Je rentrais chez moi en traînant les pieds, en traînant tout court, même. Mon sous-lieutenant m’avait aimablement proposé de me déposer près de chez moi en bateau, j’avais refusé. Pas envie de faire la conversation. Pas après une journée comme ça. On avait retrouvé un corps ce matin. Assassiné à l’arme blanche, violemment, sauvagement, même. Et tout ce sang répandu sur les vieux pavés de la ruelle… Je savais d’ores et déjà que l’image du cadavre risquait de me poursuivre pendant un bout de temps. J’avais pourtant le cœur bien accroché, mais c’était le contraire qu’il aurait fallu pour pouvoir supporter sans ciller la vue d’un tel massacre : avoir perdu son cœur, quelque part entre deux enquêtes, entre deux homicides. Dieu merci, je n’en étais pas encore là.
Déambuler de nuit dans les rues –alors presque calmes- de ma ville avait le mérite de m’apaiser. La vie était moche, Venise était mortellement belle, et la lune était magnifique. Au final, on ne s’en tirait pas trop mal.
La sensation d’une présence furtive dans mon dos m’a interrompu dans mes pensées –qui commençaient de toute façon à devenir un peu trop abstraites.
Décharge d’adrénaline tandis que mon cœur ratait un battement. J’ai senti des mains sur mes côtes avant d’avoir pu me retourner. La mienne s’est automatiquement tendue en direction de mon pistolet, bien qu’une partie de mon esprit soit parfaitement consciente que si l’assaillant était armé, il aurait le temps de me trancher la jugulaire avant même que je n’aie dégainé.
« Cleeeeeeeliiiaaaa. »
Tout mon corps s’est relâché dans un tremblement nerveux. Angelo. Cet imbécile m’avait fait frôler l’infarctus !
« Huhuh, tu fais quoi ici ? Pourquoi tu m'as pas dit que tu allais être là ! Ça aurait évité que je me retrouve seul tu sais. »

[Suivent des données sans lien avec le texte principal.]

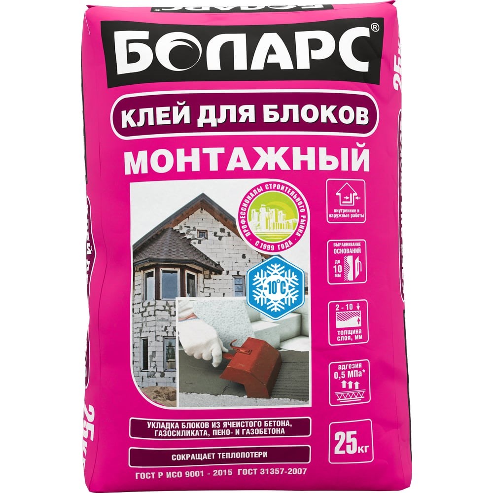 Монтажный клей БОЛАРС морозостойкий, 25 кг 00000003729 применяется для укладки блоков и плит из ячеистых бетонов (пено- и газобетона), газосиликата, полистиролбетона и силикатного кирпича при отрицательных температурах (до -10 градусов). Благодаря тонкослойному нанесению, от 2 мм, препятствует образованию "мостиков холода" в кладочных швах, что позволяет значительно сократить теплопотери. Может использоваться для базового выравнивания поверхностей слоем до 10 мм. Предназначен для нанесения ручным способом при наружных и внутренних работах. Изготовлен на цементной основе с использованием высокоэффективных полимерных модифицирующих добавок.

Je me suis accordée deux secondes pour reprendre contenance, intervalle qu’il a mis à profit pour se placer devant moi, non sans m’avoir déposé un rapide baiser sur la joue. Je lui ai retourné un regard furibond pour le principe, mais le cœur n’y était pas. Le soulagement de savoir que je n’allais pas me faire vulgairement assassiner au beau milieu du quai le plus fréquenté de la ville m’empêchait de me mettre réellement en rogne, sans parler de son sourire d’angelot et de son joyeux babillage.
« On n’a pas idée de surprendre les gens par derrière comme ça, Angel’. ai-je grommelé. Je suis armée, je te signale. Imagine si j’avais eu un mauvais réflexe ! »
Inutile de préciser que le réflexe, pour le coup, avait été méchamment tardif. Inutile de préciser à quel point j’avais eu peur, aussi. L’incident –aussi mineur soit-il- me faisait réaliser à quel point je pouvais être vulnérable, en dépit de mon Sig Sauer et de mes 150 heures de formation en self-défense et sport de combat.
« Je rentre tout juste du boulot, je pouvais pas savoir que tu serais là à traîner, toi aussi. ai-je continué dans un haussement d’épaule, en réponse à sa question. Mais tu as un problème avec le fait d’être seul ? Je suis pourtant le genre de personne dont la fréquentation a tendance à vous faire réaliser à quel point la solitude peut être appréciable, tu ne trouves pas ? »
J’ai retenu un sourire à cette idée. Croyez-le ou non, je tirais une certaine fierté de ma réputation de casse-pied professionnelle. Elle avait le mérite de faire le tri parmi mes connaissances. Seules restaient ceux et celles qui avaient un réel intérêt –et éventuellement un certaine affection- pour moi. Et en un sens, je leur étais reconnaissante de me supporter, moi et mon sale caractère. Cela s’appliquait à Angelo, même si je n’avais aucune idée de ce que ce charmant crétin trouvait d’attrayant dans ma compagnie.
J’ai esquissé quelques pas : puisqu’on avait l’air parti pour une petite discussion, autant le faire en marchant – j’avais une sainte horreur de l’immobilité.
« N’empêche, tu peux être drôlement discret, quand tu veux, Angel’. » Ai-je lancé sans trop réfléchir, revenant sans la mentionner sur la frayeur qu’il m’avait occasionnée. J’ai continué, sur un ton léger, pas sérieuse pour un sou. « Tu pourrais assassiner quelqu’un sans trop de problème… »
J’ai laissé échapper un rire bref, n’ayant aucune idée de combien la phrase que je venais de prononcer négligemment était vraie.